Winnipeg artist KC Adams is using her new portrait series, “Perception,” to change how Aboriginal people are seen in this country. Adams, an Oji-Cree whose artwork is in the permanent collection of the National Gallery in Ottawa, has taken photos of Aboriginal people living in Winnipeg. On the first of each paired photo, Adams uses a racist or stereotypical label; on the second photo, she simply describes the person in human terms. The portraits unmask the real people behind the labels, challenging viewers to see Aboriginal peoples as more than “squaws” and “government mooches.”
Adams says she has been playing with the idea behind “Perception” for years, but finally acted on it after a recent controversy surrounding Winnipeg mayoral candidate Gord Steeves’s wife, Lorrie Steeves. In a 2010 Facebook post that resurfaced during her husband’s election campaign, Steeves said she was “really tired of getting harrassed [sic] by the drunken native guys” on downtown Winnipeg streets. Steeves went on the say that “We need to get these people educated so they can go make their own damn money instead of hanging out and harrassing [sic] the honest people who are grinding away working hard for their money. We all donate enough money to the government to keep their [sic] sorry assess [sic] on welfare, so shut the f—k up and don’t ask me for another handout!”
The assumption here, of course, is that all Aboriginal people are uneducated, drunk, and mooching off honest, hard-working citizens and/or the government purse. Adams’s photos deconstruct these types of assumptions by concentrating on what most people don’t see: the hard-working, everyday people who pay their way through school and contribute to Canadian society in a multitude of ways – and who happen to be Aboriginal.

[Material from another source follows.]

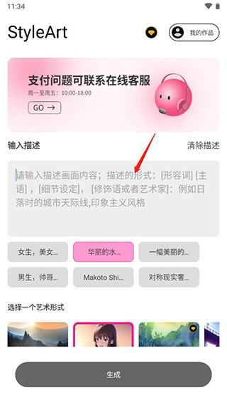 StyleArt繪畫APP最新版是一款備受好評的AI繪畫神器,為用戶提供了無盡的創(chuàng)作可能。StyleArt繪畫APP最新版能夠?qū)⒛愕恼掌⑺孛杌蚱渌麍D像轉(zhuǎn)化為各種藝術(shù)風格的繪畫作品。無論你是喜歡現(xiàn)實主義、抽象派還是寫實繪畫,StyleArt都能滿足你的需求,只需要在StyleArt繪畫APP最新版中將你的需求輸入,即可生成各種圖片,非常的有意思!感興趣的的用戶不妨來下載體驗試試看吧!
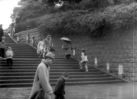 開始より0:46(東京都台東区上野公園〜上野・上野恩賜公園〜JR上野駅) 結婚をしたいのだが、なかなか状況が許さない雄造(沼崎勲)と昌子(中北千枝子)はある日曜日、待ち合わせてデートをする。手持ちの金は二人合わせてもわずか35円。ふと思いついて上野の動物園に行く。そこで雨に降られて上野駅まで走る二人。 沼崎勲はロケで演技をするのが苦手なので、この後の場面に出て来る日比谷公会堂や日比谷野外音楽堂などもセットで撮影されたという話を聞いたことがある。しかしこの上野のシーンはさすがにセットというわけにはいかなかったようだ。 |

In the first of each paired photo, Adams asked her models to think about what it’s like to be called racist names, or have people make biased, stereotypical assumptions about them. Then, for the second photo, she asked them to be themselves. Kim Wheeler’s first shot – which describes her as a “government mooch” – shows her with a defensive, angry expression. Wheeler told the CBC that she suffered a lot of racism in high school, and was thinking about her own children suffering through the same injustice in her first shot. In the second shot, she is smiling and is described as “A mother, writer, publicist, producer, homeowner, and golfer who paid for her own education.”
Adams says her portrait series is about people being able to label themselves.

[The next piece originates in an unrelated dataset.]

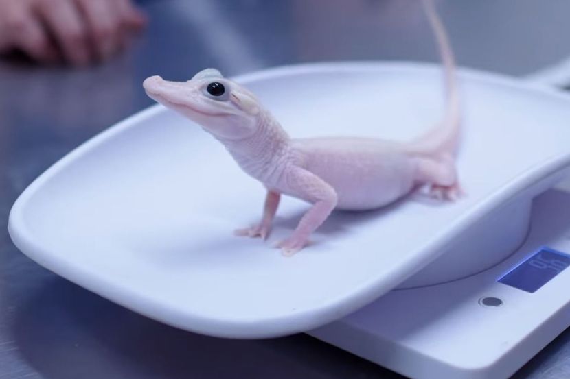 Pomalo sablasnog izgleda, ovaj mališan liči na albino jedinku, ali je zapravo još ređi oblik gmizavaca poznat kao leukistički aligator.

Winnipeg mayoral candidate Gord Steeves has said that if he wins the election this October, he would hire 20 new police officers to patrol the downtown, increase foot patrols, and purchase two extra vans to remove intoxicated people from the downtown area. Derek Nepinak, the grand chief of the Assembly of Manitoba Chiefs, told the CBC that Steeves’s comments were “narrow-minded” and reflect the city’s racial and class divisions.
“It’s reflective of an attitude among some people from some of the privileged areas of the city that venture downtown and see things they don’t want to see,” Nepinak said. “We should be offended by comments like that and we should be asking more, a broader vision and a stronger vision and stronger solutions and better solutions … We need better leadership than that.”
Lorrie Steeves has apologized for her comments. Adams says, “We can’t make rash judgements. We have to think of ourselves as human beings. Instead of ‘us’ and ‘them,’ it should be ‘we.’”
“Perception” is currently only available online, but Adams hopes to put the portraits on Winnipeg bus shelters to keep the conversation going. Educators can use the paired photos to start a classroom discussion. Simply go to Google Images and search “KC Adams Perception” (and make sure to credit the artist when you use the images in your classroom).